(Data extracted from a collection)
--- START ---

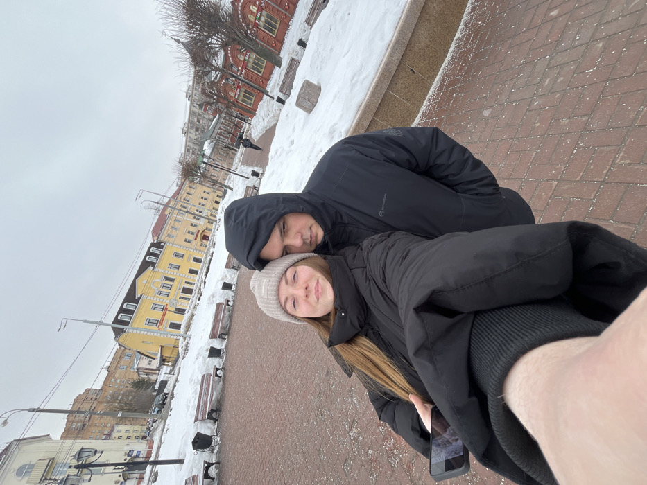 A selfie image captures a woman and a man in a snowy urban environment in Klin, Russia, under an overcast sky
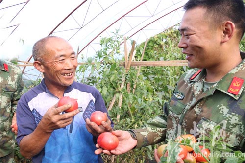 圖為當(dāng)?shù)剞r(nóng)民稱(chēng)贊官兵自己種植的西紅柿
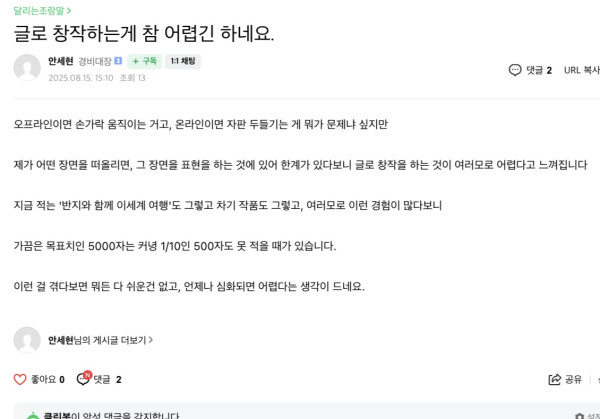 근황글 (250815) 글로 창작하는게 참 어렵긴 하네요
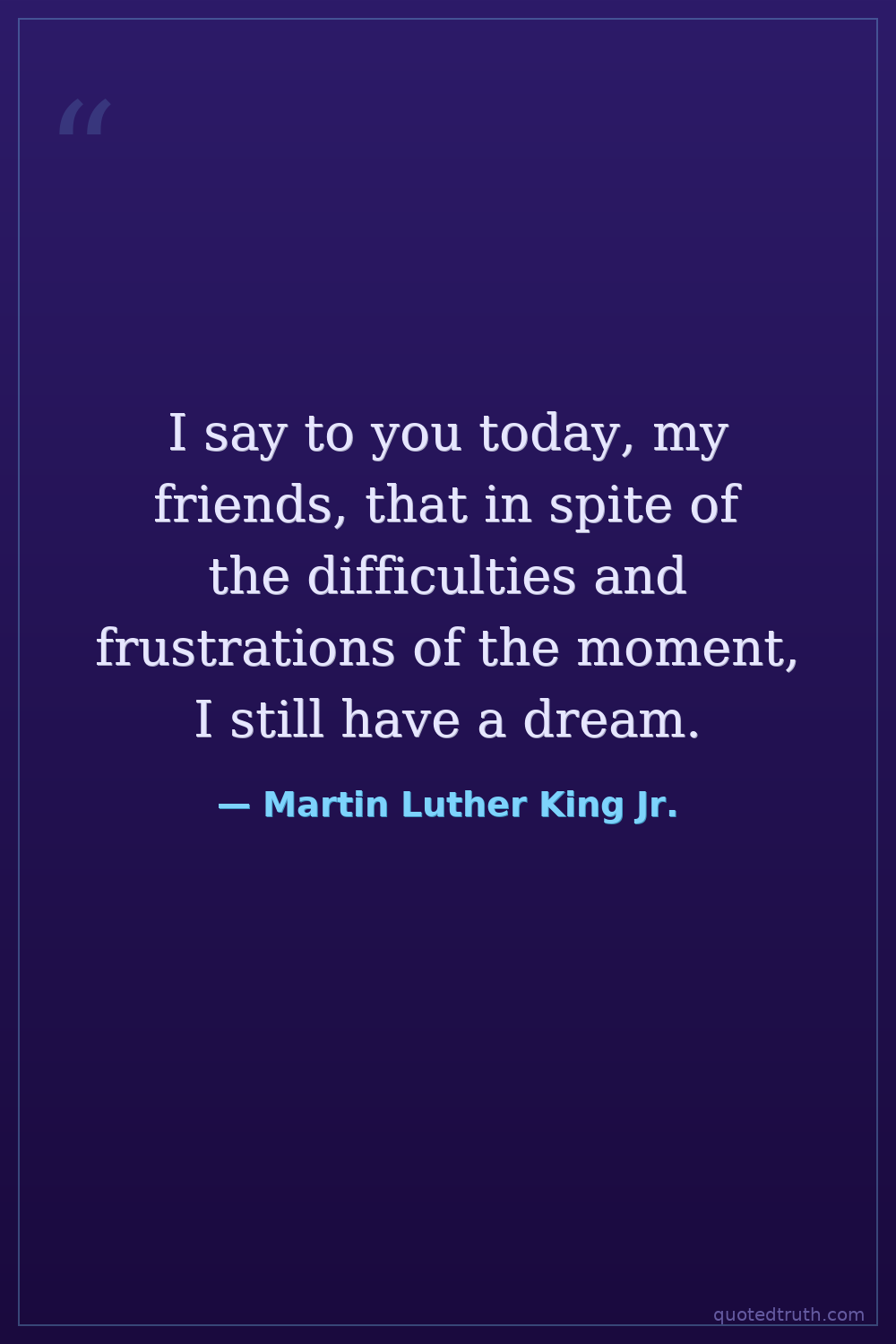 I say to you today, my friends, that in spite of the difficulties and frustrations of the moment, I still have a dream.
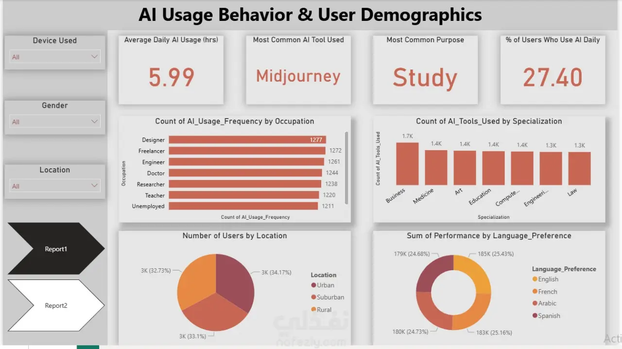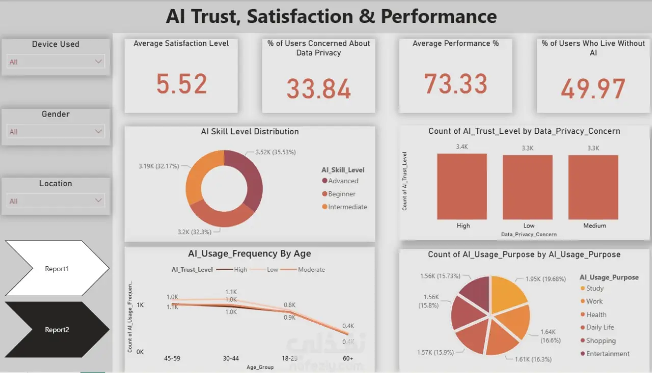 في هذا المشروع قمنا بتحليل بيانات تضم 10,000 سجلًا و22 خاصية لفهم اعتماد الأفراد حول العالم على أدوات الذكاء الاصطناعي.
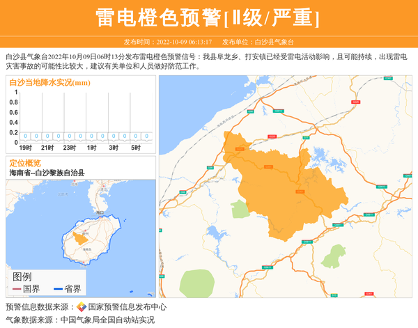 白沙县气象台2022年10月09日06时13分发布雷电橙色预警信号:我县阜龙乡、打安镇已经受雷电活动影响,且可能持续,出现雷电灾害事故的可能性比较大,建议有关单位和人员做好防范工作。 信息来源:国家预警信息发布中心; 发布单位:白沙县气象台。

--- END ---

■ What this task involves
Please ensure that the data above is repeated exactly, with no pictures in the copy.

■ Response
 A selfie image captures a woman and a man in a snowy urban environment in Klin, Russia, under an overcast sky
 圖為當(dāng)?shù)剞r(nóng)民稱(chēng)贊官兵自己種植的西紅柿
 근황글 (250815) 글로 창작하는게 참 어렵긴 하네요
 I say to you today, my friends, that in spite of the difficulties and frustrations of the moment, I still have a dream.
 في هذا المشروع قمنا بتحليل بيانات تضم 10,000 سجلًا و22 خاصية لفهم اعتماد الأفراد حول العالم على أدوات الذكاء الاصطناعي.
 白沙县气象台2022年10月09日06时13分发布雷电橙色预警信号:我县阜龙乡、打安镇已经受雷电活动影响,且可能持续,出现雷电灾害事故的可能性比较大,建议有关单位和人员做好防范工作。 信息来源:国家预警信息发布中心; 发布单位:白沙县气象台。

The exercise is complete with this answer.